CLOVER Vision encoder output dimension does not match

Hi, thanks for your excellent work! I'm trying to run bash eval_calvin.sh. When running to FeedbackPolicy/models/policy.py, there is an issue where the shape of the vision_x input to vision_encoder is 192 * 192, which does not match the model size of 224 * 224. So I interpolated vision_x to 224 * 224, and the shape of output by vision_encoder is 8 * 768, which does not match the dimension of the rearrange operation.vision_x = rearrange(vision_x, "(b T) d h w -> b T (h w) d", b=b, T=T)

Oct 18 '24 07:10 yuaoze

Thanks for your interests in our work! We modify the default input size of VC1-Base model (from 224 to 192) in its corresponding config file. Just a small tweak to the config will let you use our evaluation scripts effectively.

Further updates are welcome if it fails to solve your issue. 😃

Oct 18 '24 10:10 retsuh-bqw

Thanks for your interests in our work! We modify the default input size of VC1-Base model (from 224 to 192) in its corresponding config file. Just a small tweak to the config will let you use our evaluation scripts effectively.

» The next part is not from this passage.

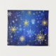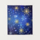 Blue Christmas background with gold and white jewelry snowflakes. Golden snowflakes. XMAS.

Further updates are welcome if it fails to solve your issue. 😃

Hi, I followed your advice and modified the config file of VC1-Base model, but error still occurred. Here is the details.

Oct 21 '24 01:10 yuaoze

Thanks for your interests in our work! We modify the default input size of VC1-Base model (from 224 to 192) in its corresponding config file. Just a small tweak to the config will let you use our evaluation scripts effectively. Further updates are welcome if it fails to solve your issue. 😃

Hi, I followed your advice and modified the config file of VC1-Base model, but error still occurred. Here is the details.

I solved this issue by specified output_size: 192 under "transform" in config file But output of vision_encoder is shape of 8 * 768, which can not match the dimension of the rearrange operation.vision_x = rearrange(vision_x, "(b T) d h w -> b T (h w) d", b=b, T=T) Can you give me some advice?

Oct 21 '24 03:10 yuaoze

But output of vision_encoder is shape of 8 * 768, which can not match the dimension of the rearrange operation.vision_x = rearrange(vision_x, "(b T) d h w -> b T (h w) d", b=b, T=T) Can you give me some advice?

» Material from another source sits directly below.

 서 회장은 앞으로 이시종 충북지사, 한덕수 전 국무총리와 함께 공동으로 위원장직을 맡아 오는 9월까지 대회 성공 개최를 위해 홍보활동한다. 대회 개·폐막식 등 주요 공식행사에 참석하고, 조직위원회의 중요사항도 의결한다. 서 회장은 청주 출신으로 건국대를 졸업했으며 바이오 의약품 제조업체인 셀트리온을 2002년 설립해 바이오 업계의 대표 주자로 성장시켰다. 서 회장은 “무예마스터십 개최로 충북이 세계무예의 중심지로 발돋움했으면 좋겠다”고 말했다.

My bad. You should also set use_cls to False in the config file. Then the encoder will return all feature tokens.

Oct 21 '24 04:10 retsuh-bqw

Hello! I met the same problem. After I set img_size to 192 and use_cls to False, the error still occurred: AssertionError("Input image height (224) doesn't match model (192)."). Can you give me more advice?

Oct 28 '24 11:10 hkz103

Hello! I met the same problem. After I set img_size to 192 and use_cls to False, the error still occurred: AssertionError("Input image height (224) doesn't match model (192)."). Can you give me more advice?

Is it because the sanity check in the load_model function (line 26 - 29) of VC-1? You may change the function as following:

def load_model(
    model,
    transform,
    metadata=None,
    checkpoint_dict=None,
):
    if checkpoint_dict is not None:
        msg = model.load_state_dict(checkpoint_dict)
        log.warning(msg)

    return model

Oct 29 '24 04:10 retsuh-bqw

Hello! I met the same problem. After I set img_size to 192 and use_cls to False, the error still occurred: AssertionError("Input image height (224) doesn't match model (192)."). Can you give me more advice?

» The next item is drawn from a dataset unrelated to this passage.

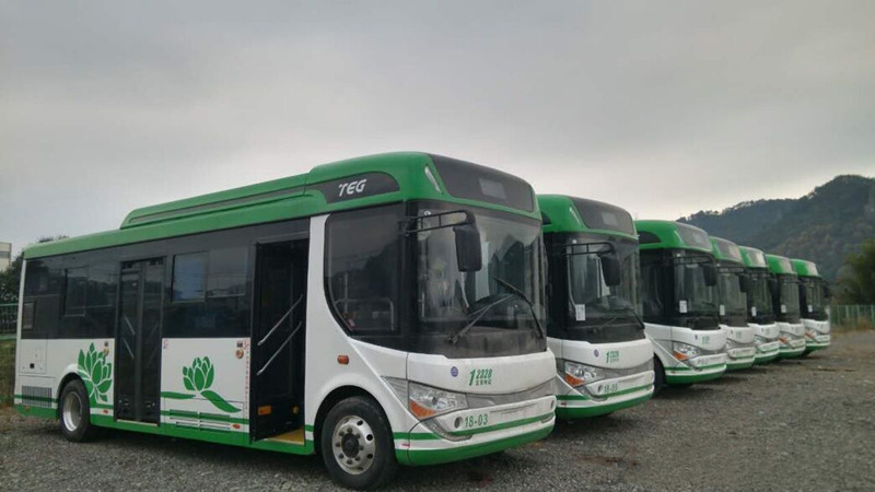 純電動公交車成為新一代公交低碳、環保的代表,推廣新能源汽車是我市改善大氣環境、提升城市品質的重要舉措。該批14輛型號為TEG6850BEV01的純電動公交車長8米、座位數21座、載客66人,于2015年11月20日完成新車上牌手續,正式落戶城鄉公交公司。由于目前充電樁正在建設當中,新能源公交車有望在2015年12月投入公司K18路的運營。

Is it because the sanity check in the load_model function (line 26 - 29) of VC-1? You may change the function as following:
def load_model(
    model,
    transform,
    metadata=None,
    checkpoint_dict=None,
):
    if checkpoint_dict is not None:
        msg = model.load_state_dict(checkpoint_dict)
        log.warning(msg)

    return model

It works! But I met a new problem: bug

Oct 30 '24 07:10 hkz103

It works! But I met a new problem:

It seems to be an issue within CALVIN. Is your CALVIN env properly installed?

Oct 30 '24 07:10 retsuh-bqw

微信图片_20241030164904 Hi, I run `bash eval_calvin.sh`, but `failed to EGL with glad.`, Do you know how to solve this?

Oct 30 '24 08:10 gouyinghong

It works! But I met a new problem:

It seems to be an issue within CALVIN. Is your CALVIN env properly installed?

You are right. I didn't properly install CALVIN. However, the packages uesd in CALVIN and CLOVER seem contradictory. Can you provide a requirements.txt?

Oct 30 '24 10:10 hkz103

You are right. I didn't properly install CALVIN. However, the packages uesd in CALVIN and CLOVER seem contradictory. Can you provide a requirements.txt?

There is a provided requirements.txt at visual_planner/requirements.txt. What packages conflicts are you getting exactly?

Oct 30 '24 10:10 retsuh-bqw

You are right. I didn't properly install CALVIN. However, the packages uesd in CALVIN and CLOVER seem contradictory. Can you provide a requirements.txt?

There is a provided requirements.txt at visual_planner/requirements.txt. What packages conflicts are you getting exactly?

Now I met the problem of "Cannot load URDF file" again. And the packages conflicts are listed below. Can you give me more advice? Thanks for your help! problem

Oct 31 '24 05:10 hkz103

Now I met the problem of "Cannot load URDF file" again. And the packages conflicts are listed below. Can you give me more advice? Thanks for your help!

You can try to downgrade your networkx to 2.2. I think the other packages are fine.

Oct 31 '24 05:10 retsuh-bqw

Now I met the problem of "Cannot load URDF file" again. And the packages conflicts are listed below. Can you give me more advice? Thanks for your help!

You can try to downgrade your networkx to 2.2. I think the other packages are fine.

When using networkx2.2，AttributeError"module 'numpy' has no attribute 'int'." is reported, because the high version of numpy no longer uses int and networkx2.2 may use int in numpy.

Oct 31 '24 06:10 hkz103

When using networkx2.2，AttributeError"module 'numpy' has no attribute 'int'." is reported, because the high version of numpy no longer uses int and networkx2.2 may use int in numpy.

You may try to downgrade the numpy as well. I'll update relavant information in a new Troubleshooting section.

Oct 31 '24 12:10 retsuh-bqw